→ **What you are asked to do**: Please restate word for word all lines from the one containing "Round Neck , Asymmetric" to the final line of the entries, and include no pictures.

→ **Material shown**:
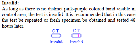 1. As long as there is no distinct pink-purple colored band visible in the control area, the test is invalid as shown in Figure 3. It is recommended that in this case, the test be repeated or a fresh specimen be obtained and tested 48 hours later.
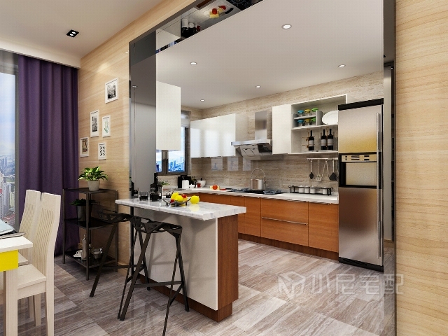 巧妙的用吧臺(tái)劃分餐廳和廚房的空間,不僅在視覺上多了延伸,還方便日常使用。
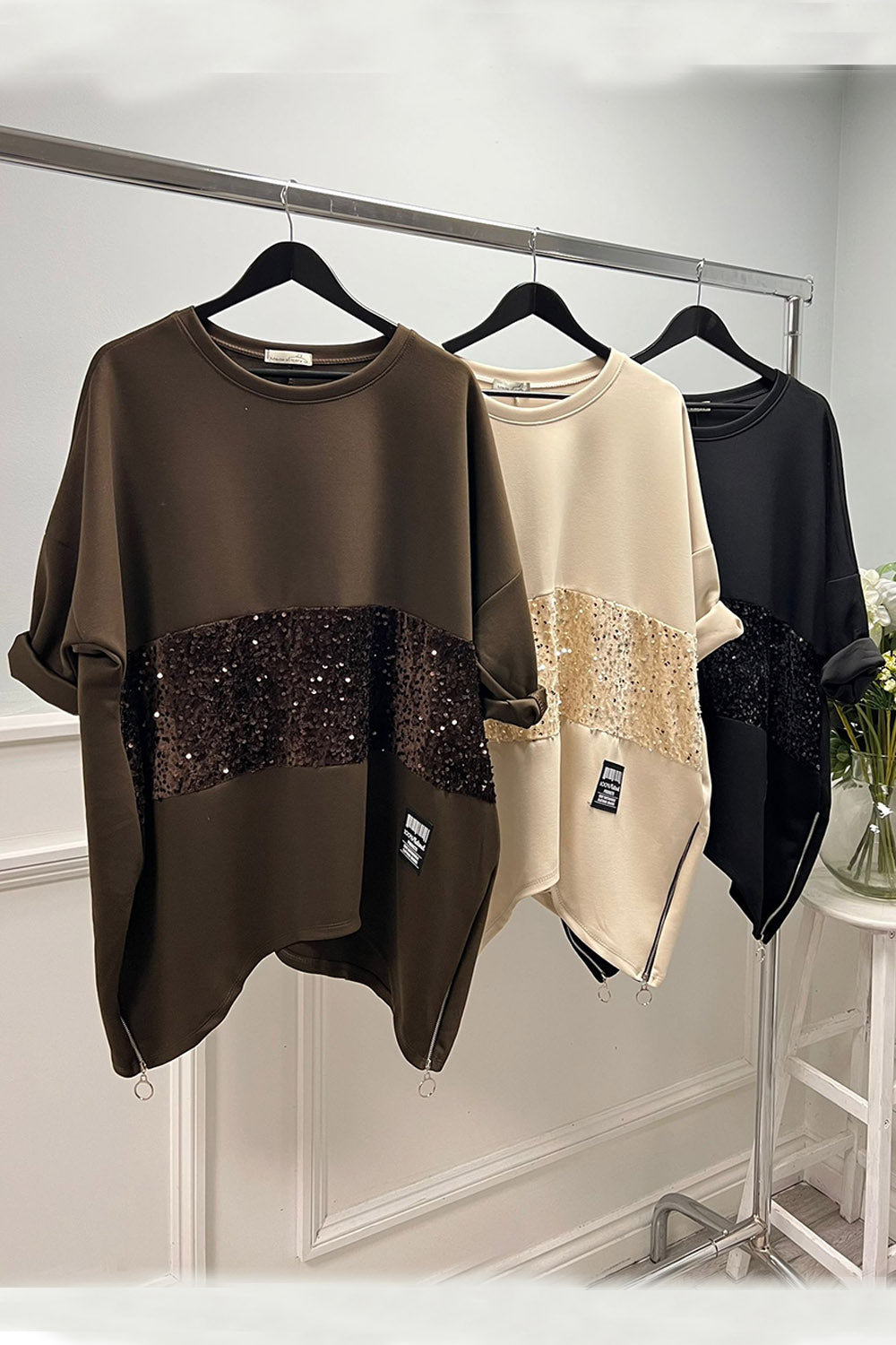 Round Neck , Asymmetric Jumper with Sequined Panel
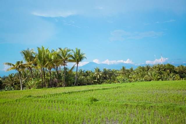 去海神庙的路上,还是有很多美丽的风光,我让司机停下来,拍了些照片,椰树长在稻田边椰树巴厘岛一大特色。
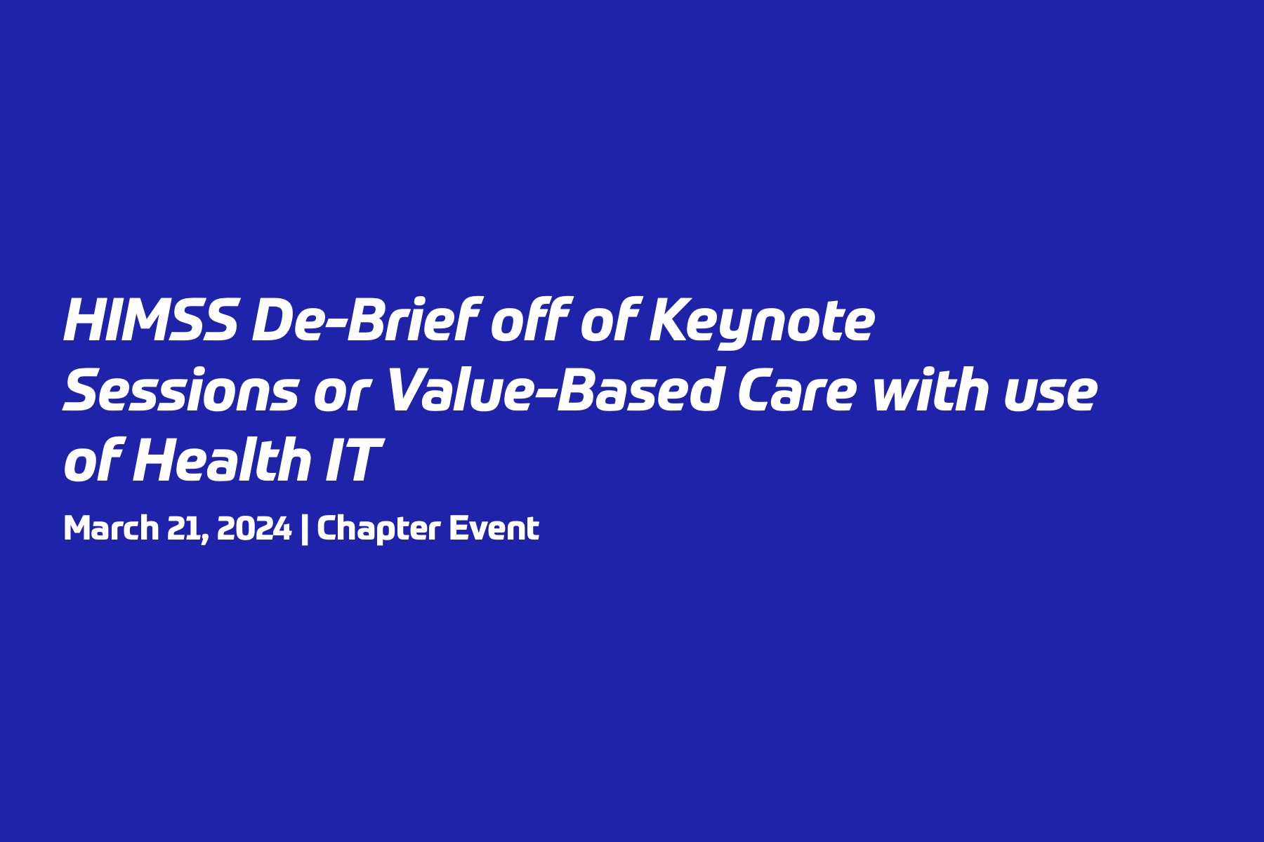 • NCA HIMSS – HIMSS De-Brief off of Keynote Sessions or Value-Based Care with use of Health IT | HIMSS

→ **Task answer**:
 Round Neck , Asymmetric Jumper with Sequined Panel
 去海神庙的路上,还是有很多美丽的风光,我让司机停下来,拍了些照片,椰树长在稻田边椰树巴厘岛一大特色。
 • NCA HIMSS – HIMSS De-Brief off of Keynote Sessions or Value-Based Care with use of Health IT | HIMSS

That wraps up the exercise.